Gate control of a two-stage GaN MMIC amplifier for amplitude and phase linearization

In this paper we study static and dynamic gate biasing of a two-stage X-band MMIC GaN PA. The PA is first characterized under different bias conditions using large-signal static measurements, and the determined conditions are then applied to dynamic measurements with a 20 MHz noise power ratio (NPR) test signal. Biasing the gates of the two stages independently allows simultaneous reduction of amplitude and phase distortion. AM/AM, AM/PM and PAE measurements are obtained for three different static scenarios. Consistent results from static and dynamic tests are obtained showing NPR values exceeding 31 dB. Adding predistortion alters the efficiency of the investigated static biases by more than 4 % points.

Novel Metric Describing Total Nonlinearity of Power Amplifier With a Corresponding Figure of Merit for Linearity Evaluation and Optimization

In this work, we present a novel metric for the total PA or Tx nonlinear distortion in form of an output signal nonlinear power.
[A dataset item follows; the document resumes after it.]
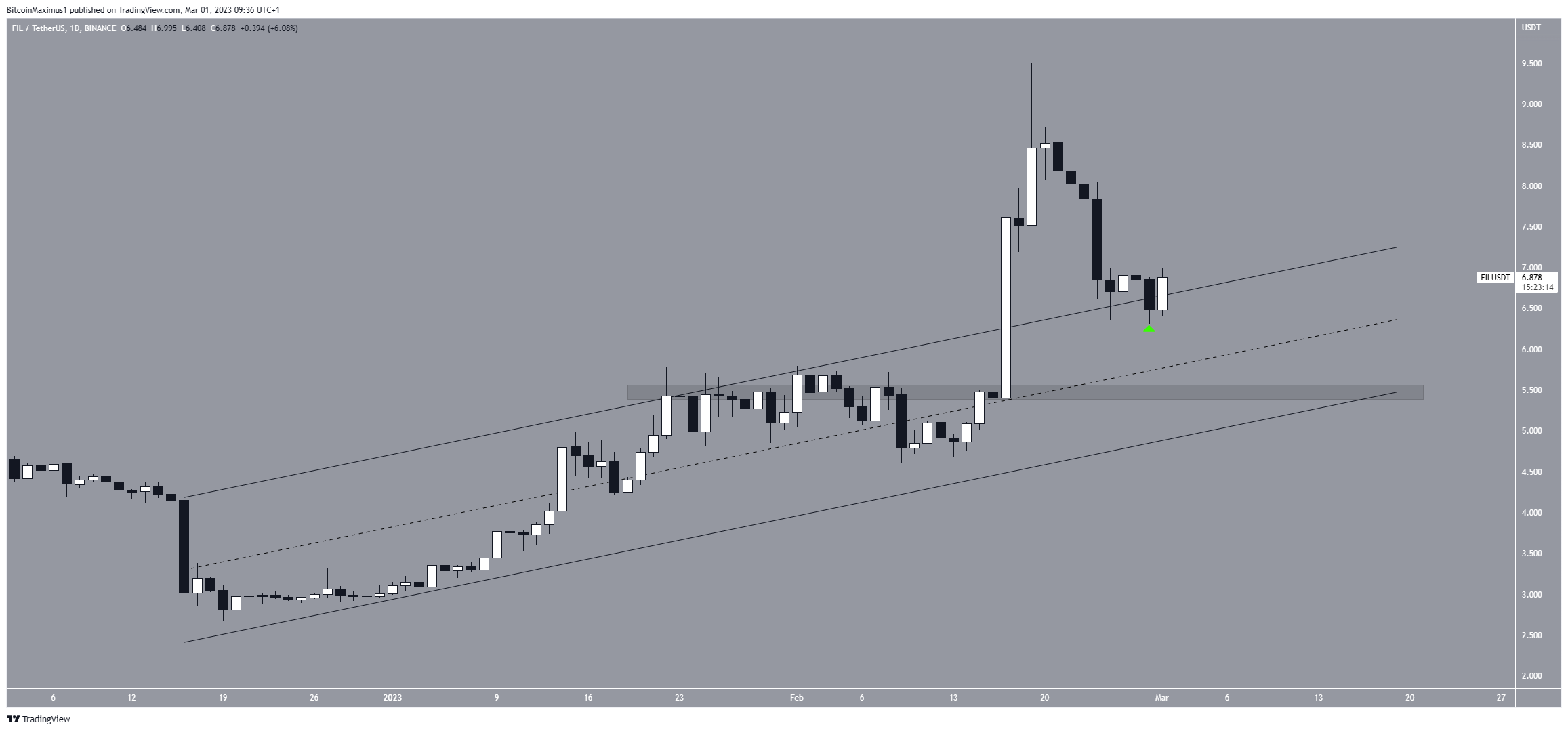 The Filecoin price is validating an ascending channel as support (green icon). If successful, this could also create a bullish engulfing candlestick.

The presented metric takes into account all sources of distortion and it evaluates a nonlinear distortion that appears inside and outside of the signal bandwidth. Furthermore, the FOM that acts as a signal to total distortion ratio STDR is developed. Optimizing the PA or Tx system for maximum STDR maximizes the ratio of the linear over nonlinear power of the output signal. That ensures optimal linearity and output power level. These characteristics make this technique convenient for a overall linearity evaluation and for optimization of the different linearity improvement techniques applied to the PA or Tx system.